Currently we are using below steps :

  1. Downlading HDFS file to local unix system by below command :
    text Hdfs dfs -copyToLocal (HDFS file path) (Local directory path)
  2. Adding sequnce generated No :
    text awk '{printf "%06d,",NR} 1' File.txt >File_Output.txt

We need to automate the above process through unix script for any user provided input file .If anyone can provide me technical approach/block of code to automate the above scenario that will be real help.Thanks in advance !

---------- Post updated at 08:24 AM ---------- Previous update was at 03:52 AM ----------

Hi All ,
I have written the below script which is working for a single file.I have hardcoded the hdfs path in the script itself.And the script is creating pipe dilimited sequence generated o/p file in the local directory.We just need to modify this script for any user provided input file.Can anyone suggest me how to automate this script for any user provided input file which should not be hardcoded in the script.Any help in this regard will be highly appreciated.Thanks.

#! /bin/bash
#Downloading HDFS file to Local Unix & Reformatting

hdfs dfs -copyToLocal /user/target/file.txt .

awk '{printf "%06d|",NR} 1' file.txt >output.txt

What exactly would they be inputting?

We need to provide directory name & file name.Suppose a file called input.txt is located at hdfs path /user/target directory .We can pass the total filepath like /user/target/input.txt or
<input_directory> <sourcefile> as two different parameter.

case "$#" in
2)
        hdfs dfs -copyToLocal "$1"/"$2" .
        FILE="$2"
        ;;
1)
        hdfs dfs -copyToLocal "$1" .
        OLDIFS="$IFS"
        # Split $1="a/b/filename" into $1="a", $2="b", $3="filename"
        IFS="/"
                set -- $1
        IFS="$OLDIFS"

        # Get rid of "a", "b"
        shift "$(( $# - 1 ))

        FILE="$1"
        ;;
*)
        echo "Usage:  $0 path file"
        echo "Alternate usage:  $0 path/file"
        exit 1
        ;;
esac

awk '{printf "%06d|",NR} 1' "$FILE" >output.txt
1 Like

Hi Corona688 ,

Thanks a lot for your reply.As Im new to unix script level ,I am not clear the block of code you have provided.So please bear with me and requesting you to kindly provide the explanation .
You have written the codeblock for which case
if
case1:/user/target/input.txt as a single parameter
case 2 : <input_directory> <sourcefile> as two different parameter.

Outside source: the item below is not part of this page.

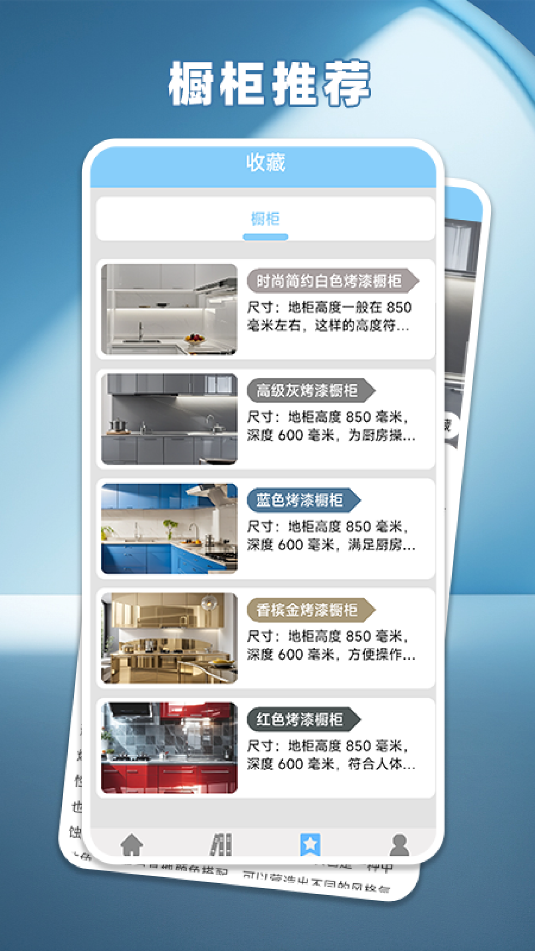 家有橱柜 APP 中收录了各种橱柜的尺寸信息,无论你是小户型需要节省空间的紧凑型橱柜,还是大户型追求大气奢华的大型橱柜,都能在这里找到合适的尺寸。详细的尺寸标注让你在挑选橱柜时能够准确把握其在空间中的占比,避免出现尺寸不合适的尴尬情况。

If you kindly explain your block of code ,that will be really helpful for me.Thanks !

$# is a special variable meaning "number of arguments". It gets fed into a 'case' statement to run different code for different values.

When there's 2 arguments, it does

        hdfs dfs -copyToLocal "$1"/"$2" .
        FILE="$2"

When there's 1 argument, it does

        hdfs dfs -copyToLocal "$1" .
        OLDIFS="$IFS"
        # Split $1="a/b/filename" into $1="a", $2="b", $3="filename"
        IFS="/"
                set -- $1
        IFS="$OLDIFS"

        # Get rid of "a", "b"
        shift "$(( $# - 1 ))

        FILE="$1"
        ;;

IFS is a special variable used by the shell to control splitting, and set sets the $1 $2 ... arguments to what you tell it to, used together it splits a "/path/to/file" string into "path", "to", "file".

The shift gets rid of the first $# - 1 arguments to leave the last one.

Then it runs awk '{printf "%06d|",NR} 1' "$FILE" >output.txt and exits.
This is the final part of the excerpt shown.